Most people said they do not feel comfortable calling their in-laws "Mom" or "Dad" b/c they have their own parents and that is just weird. Some do but it was hard at first. Seemed like they were betraying their parents whether alive or deceased. And that it still feels weird.
Some said they call them by their first name. But it's weird. And calling them "Mr." or "Mrs." Was even more weird so they didn't.
Most people said their in-laws invited them to call them "Mom" or by their first name. But calling them by their first name seems disrespectful to most of us.
When kids came in the picture calling them "Grandma" or "Grandpa" was MUCH easier. Bit of a relief, really.
Interestingly enough, calling their spouses grandparents "Grandma" and "Grandpa" never seemed to be an issue for anyone.
Personally, I never felt comfortable calling my in-laws "Mom" and "Dad." It always felt awkward and not authentic when I did. They are barely older than me (I married their oldest son and I'm 4 years older than him. They were like, 19 or 20 when they had him). Besides, I have my own real, good, healthy parents alive.
My SIL never seemed to have a problem calling them mom and dad. But she is the age of their youngest child and grew up calling them "Mom" and "Dad" when she was teenaged BFFs with her now SIL. I still call many of my childhood friends' parents "Mom" or "Dad" cause I always did growing up.
My in-laws had a German exchange student that called my MIL "Donny-Mommy." That felt like being a copycat to me so I modified it to "Donna Momma." That's what I called her for years. All my Tulsa friends and many of her former co-workers called her that too.
I have always called my FIL by his first name. Now I just refer to him as "Grandpa." I think he prefers that because when he calls me on the phone he says, "Hi, this is Grandpa."
MM's birth mom, KK, and I are great friends. We recently had a conversation about our son. KK remarked about how proud she is of MM and how glad she is that she chose us to parent MM. KK went on to say that there is no way MM would be as accomplished as he is had she raised him. She simply did not have the resources.
This kid is amazing. He can play a mean guitar, sing like a boss, and draw like a pro. Once again, Motor Mouth is on the honor roll at school. AND he is ranked in the top 15 in the state going into the State Meet.
J and I have no biological claim to Motor Mouth's talents and giftings. He was born with it. What we did was give MM the room for his talents to flourish. That's what adoption does. It gives kids opportunities to experience lives they never would have known possible.
We are not amazing people for adopting. We are just an infertile couple that wanted children.

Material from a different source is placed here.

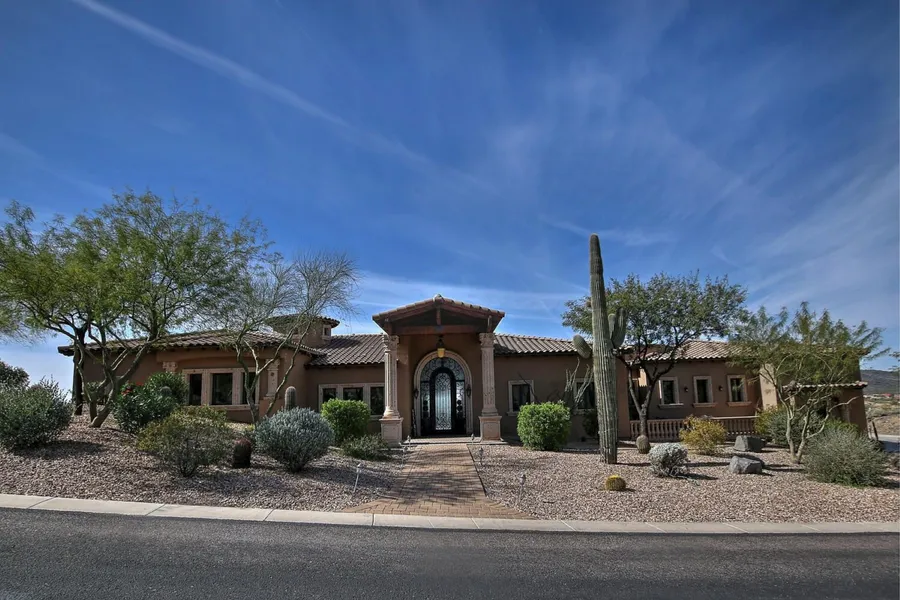 Crown jewel of the north valley! Elevated 1.4 acre mountainside lot with incredible views! Perfect location to I-17. Just minutes to the new tsmc semi-conductor plant currently under construction. This 7bed, 5.5 bath estate is a split level with a walkout to pool. 5 bed, 4 bath on main level includes owner's suite, jack and jill bedrooms and an additional en-suite. Separate walkout level with 2 bed, 2 bath (1 bath is en-suite) with bar/kitchen area is perfect for extended family or welcomed guests. Dream eat-in kitchen features beautiful cabinetry, butler's pantry, separate sub-zero fridge and freezer, dual ovens, large island with vegetable sink, pot filler over gas range, large bar top, granite counters & walk in pantry. Massive electric collapsing sliding doors open to breathtaking views and brings the patio area in as an extension of the family room. Features list - giant custom iron front door, extensive use of Cantera stone, wood-beamed ceilings, large walk-in wine cellar with iron door, coffered ceilings, custom lighting, stone floors, solid wood doors, additional washer/dryer area in master closet, crank-out windows, gigantic 6+car garage with high ceilings, tons of built in cabinets and sink. The garage is insulated with vent work in place to add a/c, 2 dedicated plugs for electric car charging. Water softener, misting system, set up for central vac, nest thermostats, 2 new hot water tanks, camera system, speakers throughout the house, multiple jacuzzi tubs, both pool and spa heating, built-in bbq at the pool, sunk-in pool area cabana with swim-up bar, 2 majestic Cantera stone fireplaces and a lot more! No cost was spared during the construction of this home! It's spectacular and priced to sell! Call listing agent for details.

And this is just nature and nurture combining to create a really amazing kid that we get to call our son.
I drove over one of the craters we call potholes in Chicago. Got a flat tire.
The weather this year has taken a MAJOR toll on our poor streets. I don't blame the city at all. I'm ready for warm weather. So ready.

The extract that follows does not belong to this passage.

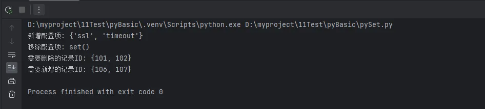 # 场景:找出需要新增的配置项old_config = {'host', 'port', 'user', 'password'}new_config = {'host', 'port', 'user', 'password', 'timeout', 'ssl'}# 方法1:使用 - 运算符added_items = new_config - old_configremoved_items = old_config - new_configprint(f"新增配置项: {added_items}")print(f"移除配置项: {removed_items}")# 方法2:使用 difference() 方法added_items = new_config.difference(old_config)# 实战:数据库同步场景db_records = {101, 102, 103, 104, 105}excel_records = {103, 104, 105, 106, 107}# 找出需要删除的记录(数据库有但Excel没有)to_delete = db_records - excel_recordsprint(f"需要删除的记录ID: {to_delete}") # {101, 102}# 找出需要新增的记录(Excel有但数据库没有)to_insert = excel_records - db_recordsprint(f"需要新增的记录ID: {to_insert}") # {106, 107}

We were on our way to swim practice so I had a friend pick Motor Mouth up and take him to practice. Then I had to sit with Mini Me at a gas station for about 90 minutes until AAA could get a guy to me. First, they had me in hold for over 18 minutes before accidentally disconnecting me!!! Another 10+ minute hold and the operator was so sweet.

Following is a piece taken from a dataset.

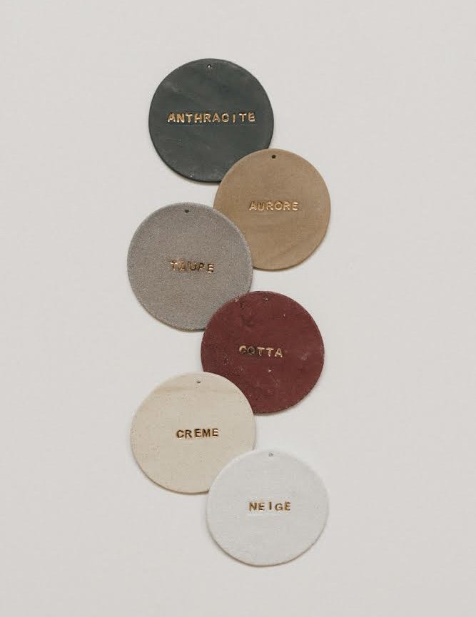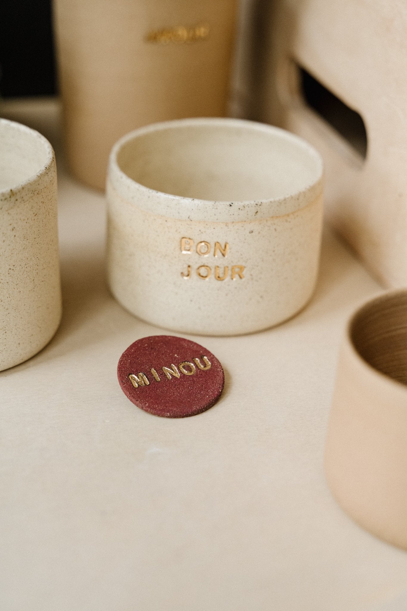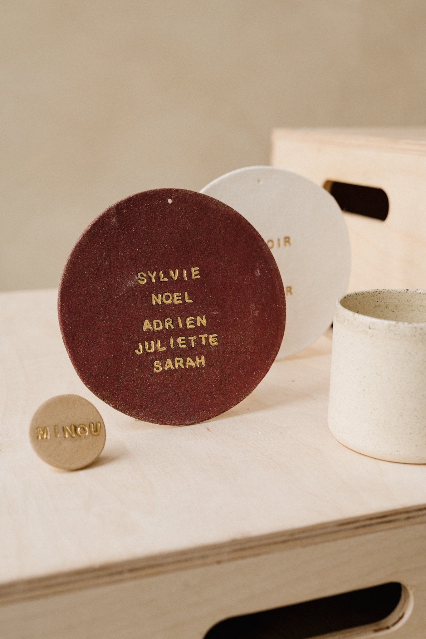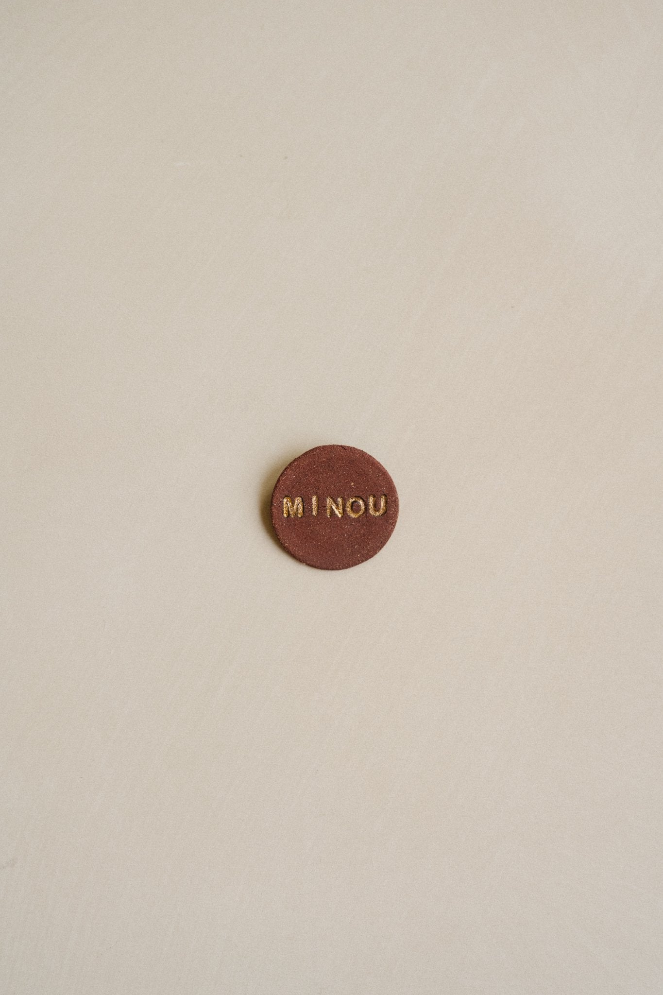 Cette broche est réalisée en porcelaine blanche et grès colorés et formée en rond. Chaque lettre est ensuite tatoué par impression.

While waiting for the tow truck, Mini Me had to use the restroom. We went across the street to an art gallery. I didn't think the gas station restroom would be as clean.
I could have changed the flat myself but it was SO COLD. And we have AAA. And the AAA guy was cute. The bill for two new tires was not so cute.
Here are a few pics from the album recording J did last week. J is a master lighting designer, sound engineer, set designer, and so much more. I'm not even going to be modest about him - I am a proud wife!!!
This was the recording for Charles Jenkins and the Fellowship Choir's new album. It is one of the most anticipated new albums of 2014!